Upgrade to Vault 1.14.x

The Vault 1.14.x upgrade guide contains information on deprecations, important or breaking changes, and remediation recommendations for anyone upgrading from Vault 1.13. Please read carefully.

Feature deprecations and EOL

Duplicative Docker images

As of Vault 1.14 we will no longer update the the vault Docker image. Only the Verified Publisher hashicorp/vault image will be updated on DockerHub.

Users of Official Images need to use docker pull hashicorp/vault:<version> instead of docker pull vault:<version> to get newer versions of Vault in Docker images. Currently, HashiCorp publishes and updates identical Docker images of Vault as Verified Publisher and Official images separately.

Important changes

vault.raft_storage.bolt.write.time has been corrected from a summary to a counter to more accurately reflect that it is measuring cumulative time writing, and not the distribution of individual write times.

Application of Sentinel Role Governing Policies (RGPs) via identity groups

As of versions 1.15.0, 1.14.4, and 1.13.8, the Sentinel RGPSs derived from membership in identity groups apply only to entities in the same and child namespaces, relative to the identity group.

Also, the group_policy_application_mode only applies to to ACL policies. Vault Sentinel Role Governing Policies (RGPs) are not affected by group policy application mode.

Activity Log Changes

Disable client counting activity

License utilization cannot be reported if client counting is disabled.

As of Vault Enterprise 1.14.10 and later, client counting cannot be disabled using /sys/internal/counters/config endpoint as manual license utilization reporting is always enabled.

As of Vault Enterprise 1.14.0 and later, client counting cannot be disabled using /sys/internal/counters/config endpoint when automated license utilization reporting is enabled.

Known issues and workarounds

Users limited by control groups can only access issuer detail from PKI overview page

Affected versions

Vault 1.14.x

Issue

Vault UI users who require control group approval to read issuer details are directed to the Control Group Access page when they try to view issuer details from links on the Issuer list page.

Workaround

Vault UI users constrained by control groups should select issuers from the PKI overview page to view detailed information instead of the Issuers list page.

API calls to update-primary may lead to data loss

Affected versions

All versions of Vault before 1.14.1, 1.13.5, 1.12.9, and 1.11.12.

Issue

The update-primary endpoint temporarily removes all mount entries except for those that are managed automatically by vault (e.g. identity mounts).
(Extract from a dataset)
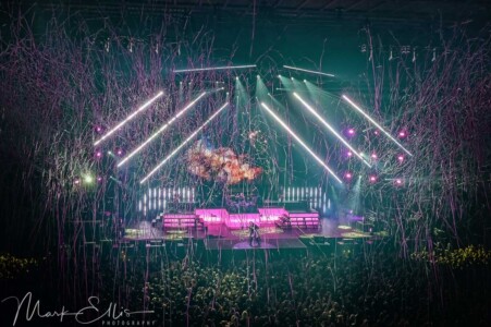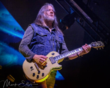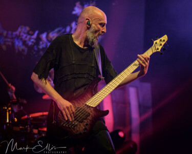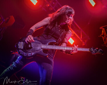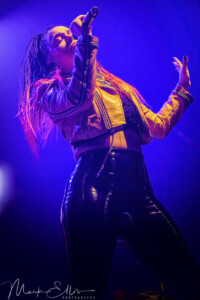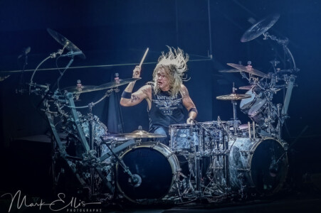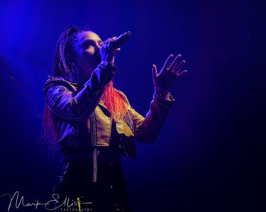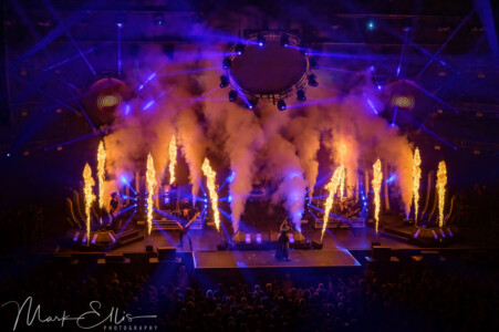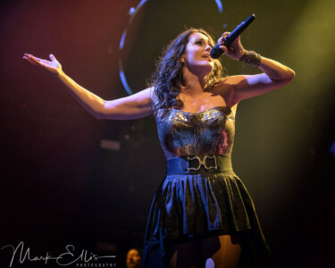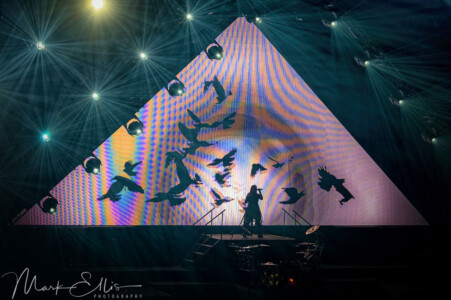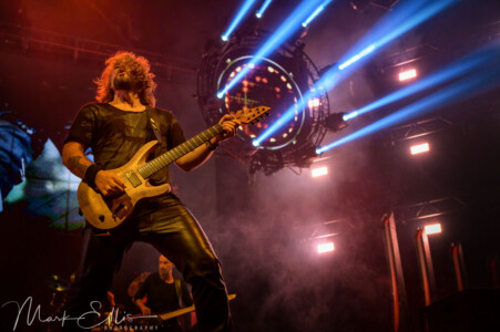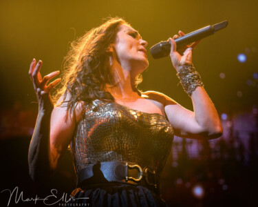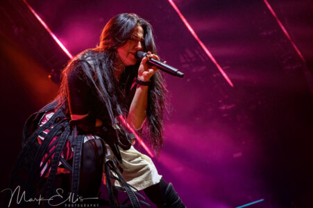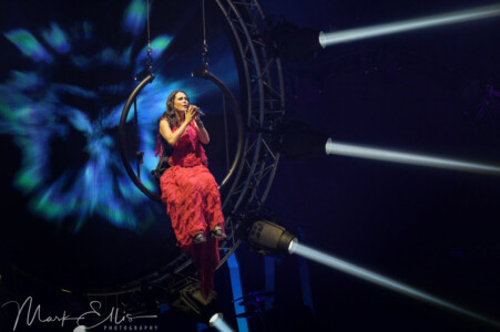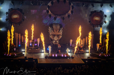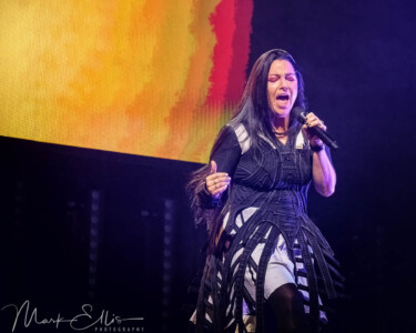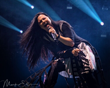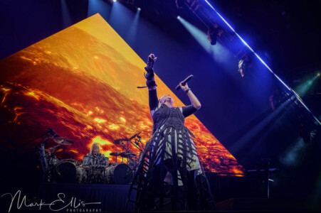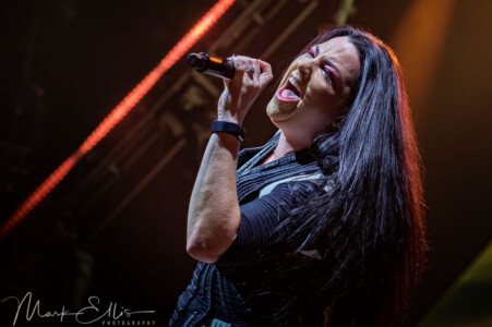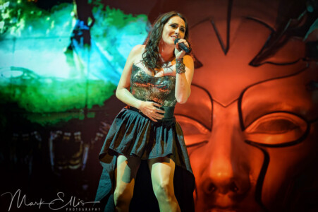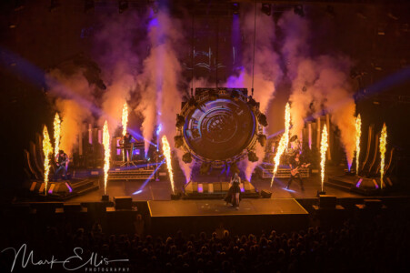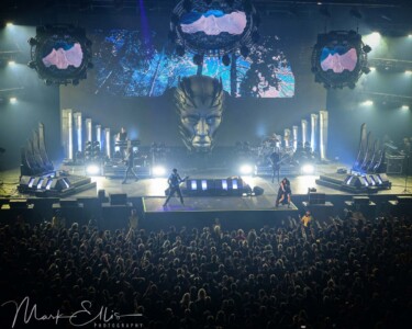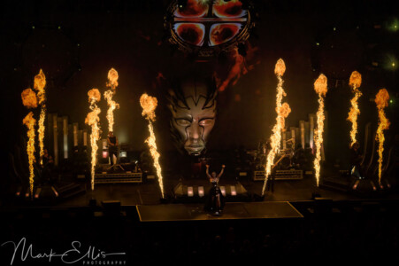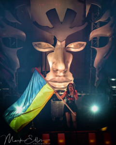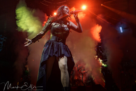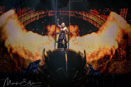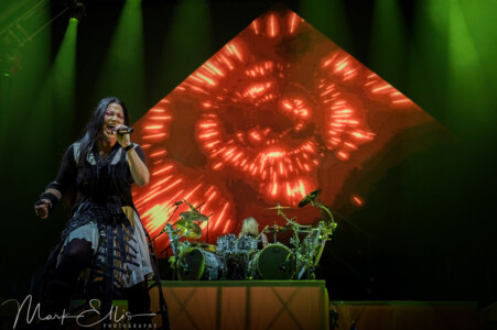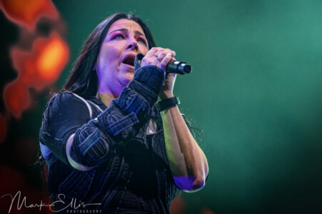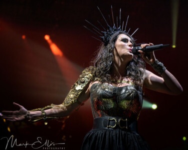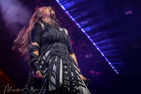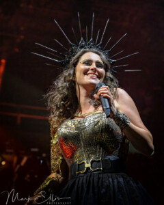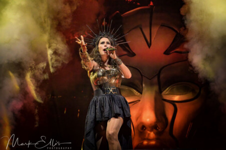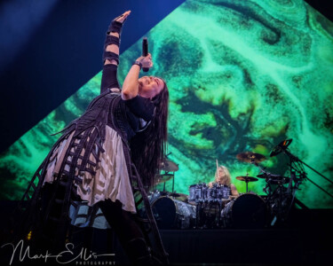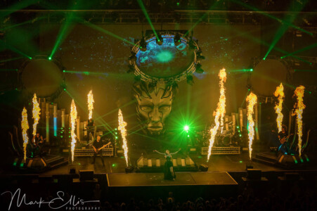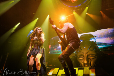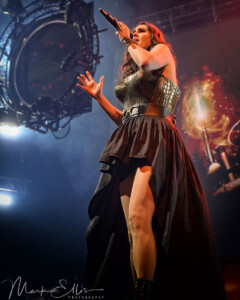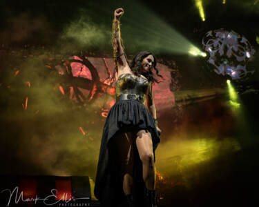 different energy to them as the band runs around the stage making the most of the set. This continues through “Faster” and “Paradise(What About Us?)” as the lighting rivals that of Evanescence. Throughout this, the lighting rig which had hidden Sharon at the start is now raised above the stage and playing the original song videos. As the set continues into “Angels”, Sharon is raised above the huge head that stands at the back of the stage as the floor is filled with smoke. The show keeps on giving though as the pyro kicks in for “Stand My Ground” and flames shoot from the stage. At this point Sharon takes a moment and asks the crowd if they would fight for their country as she dedicates “Raise your Banner” to Ukraine and brings a Ukrainian Flag out to wave as she performs to a backdrop of more flames. At the end of the song she comes forward to speak to a fan on the front row who is from the Ukraine and becomes speechless before saying how glad she is that they are here safe. As the show continues, there’s more spectacular pyro with which the crowd are encouraged to raise their hands in time. The band’s performance throughout tonight is outstanding as they perform hit after hit with incredible precision and energy. While these guys have brought a full stage show, it doesn’t distract from how talented this band are. Sharon’s voice is incredible live too as she moves from the heavy melodies to operatic tones. Even suspended high above the stage she hits every note as though her feet are on solid ground and this is even more impressive when she admits that she doesn’t like flying! As we head towards the end of the night, there’s time for another big sing along with “What Have You Done” before closing with “Ice Queen” and “Mother Earth”. It’s safe to say it’s been one hell of a show.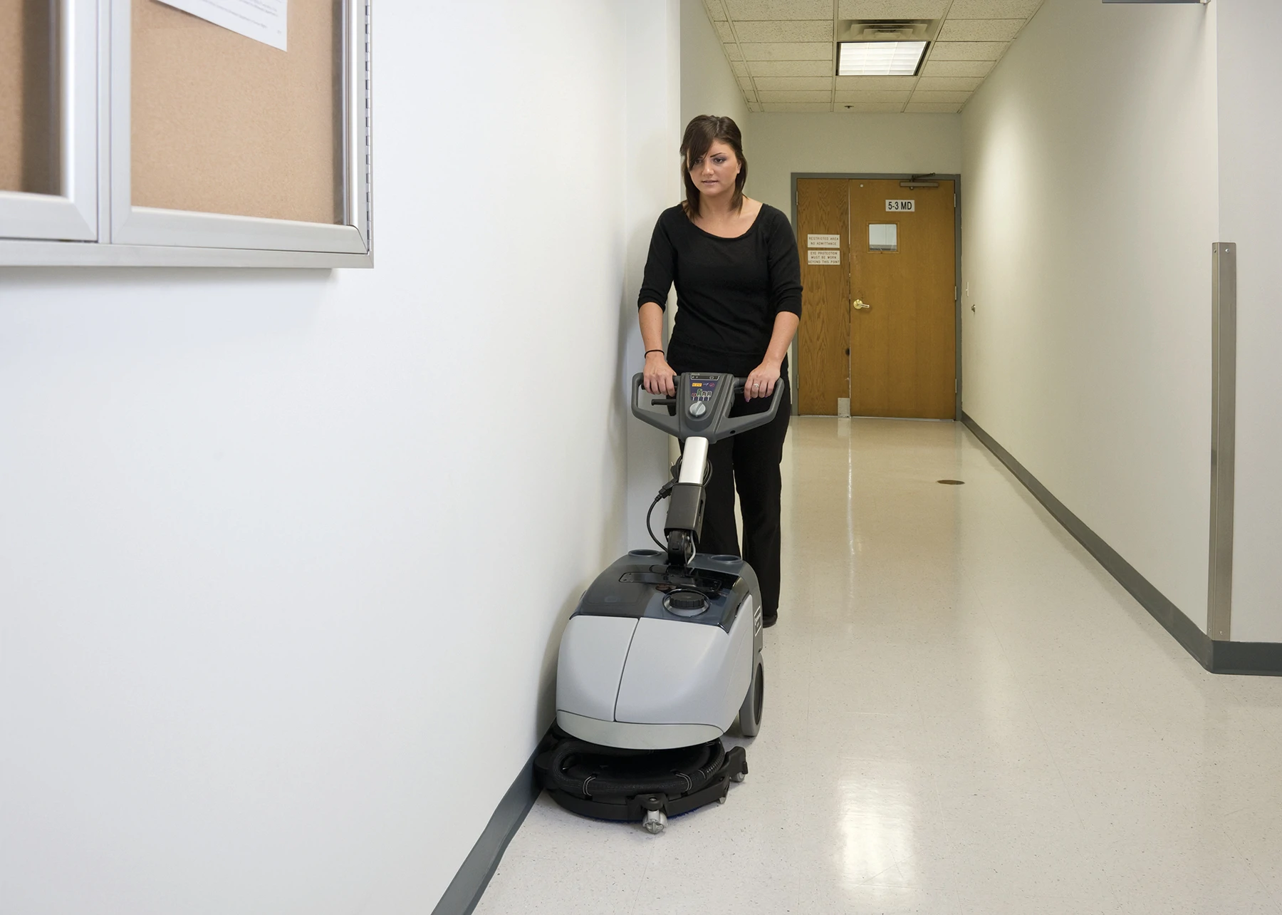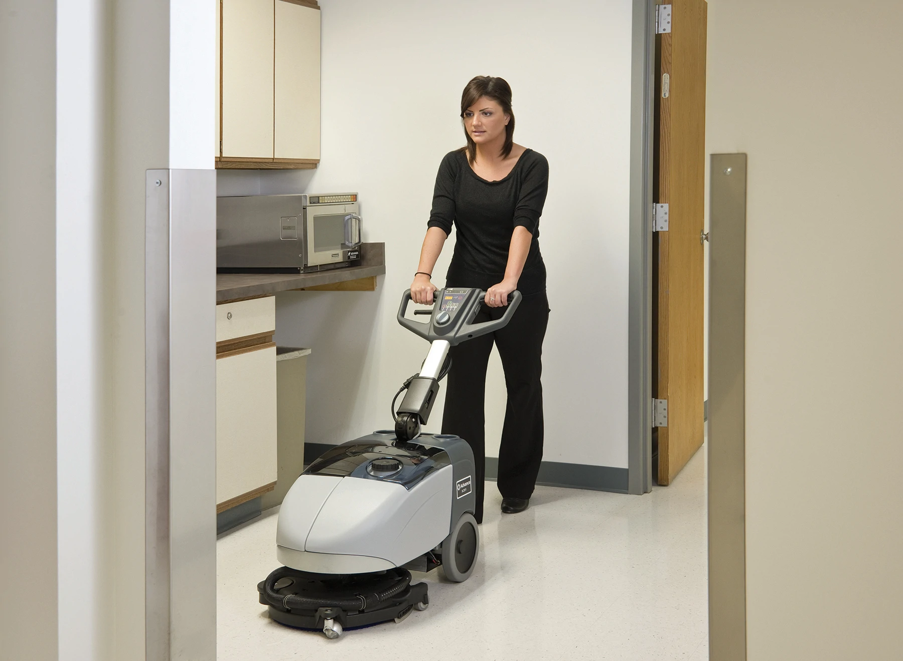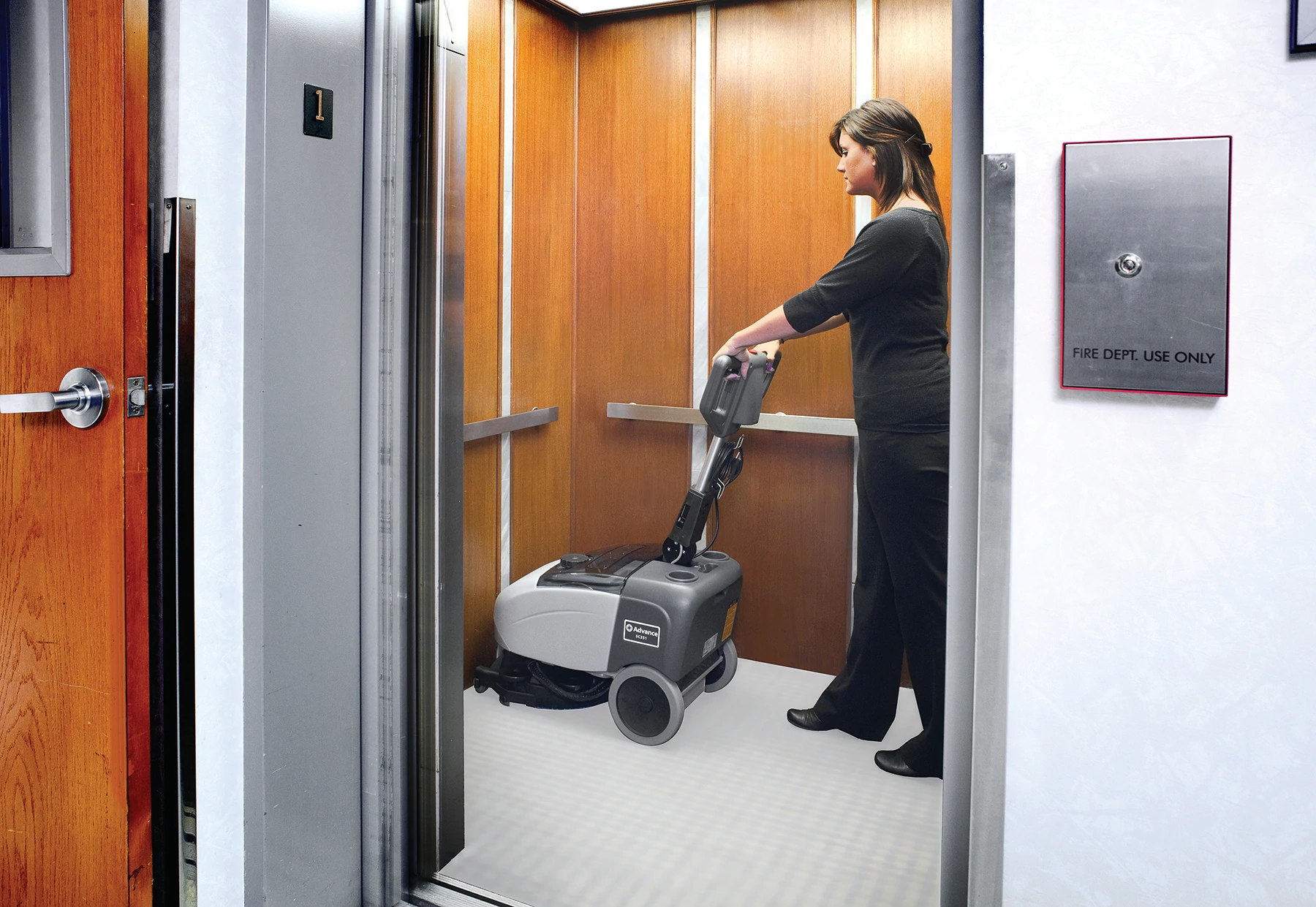 The battery-powered Nilfisk SC351 walk-behind micro scrubber delivers fast and effective single-pass hard floor cleaning and drying for small spaces. This compact floor cleaning machine was designed for daily cleaning in small areas and crowded places, such as in tight corners and around tables, shelves, and furniture. It’s the quietest machine in its class and the AGM maintenance-free battery provides up to 100 minutes of scrub time on a single charge.The battery-powered Nilfisk SC351 walk-behind micro scrubber delivers fast and effective single-pass hard floor cleaning and drying for small spaces. This compact floor cleaning machine was designed for daily cleaning in small areas and crowded places, such as in tight corners and around tables, shelves, and furniture. It’s the quietest machine in its class and the AGM maintenance-free battery provides up to 100 minutes of scrub time on a single charge.

In certain situations, a race condition between mount table truncation replication repairs may lead to data loss when updating secondary replication clusters.

Situations where the race condition may occur:

When the cluster has local data (e.g., PKI certificates, app role secret IDs) in shared mounts. Calling update-primary on a performance secondary with local data in shared mounts may corrupt the merkle tree on the secondary. The secondary still contains all the previously stored data, but the corruption means that downstream secondaries will not receive the shared data and will interpret the update as a request to delete the information. If the downstream secondary is promoted before the merkle tree is repaired, the newly promoted secondary will not contain the expected local data. The missing data may be unrecoverable if the original secondary is is lost or destroyed.
When the cluster has an Allow paths defined. As of Vault 1.0.3.1, startup, unseal, and calling update-primary all trigger a background job that looks at the current mount data and removes invalid entries based on path filters. When a secondary has Allow path filters, the cleanup code may misfire in the windown of time after update-primary truncats the mount tables but before the mount tables are rewritten by replication. The cleanup code deletes data associated with the missing mount entries but does not modify the merkle tree. Because the merkle tree remains unchanged, replication will not know that the data is missing and needs to be repaired.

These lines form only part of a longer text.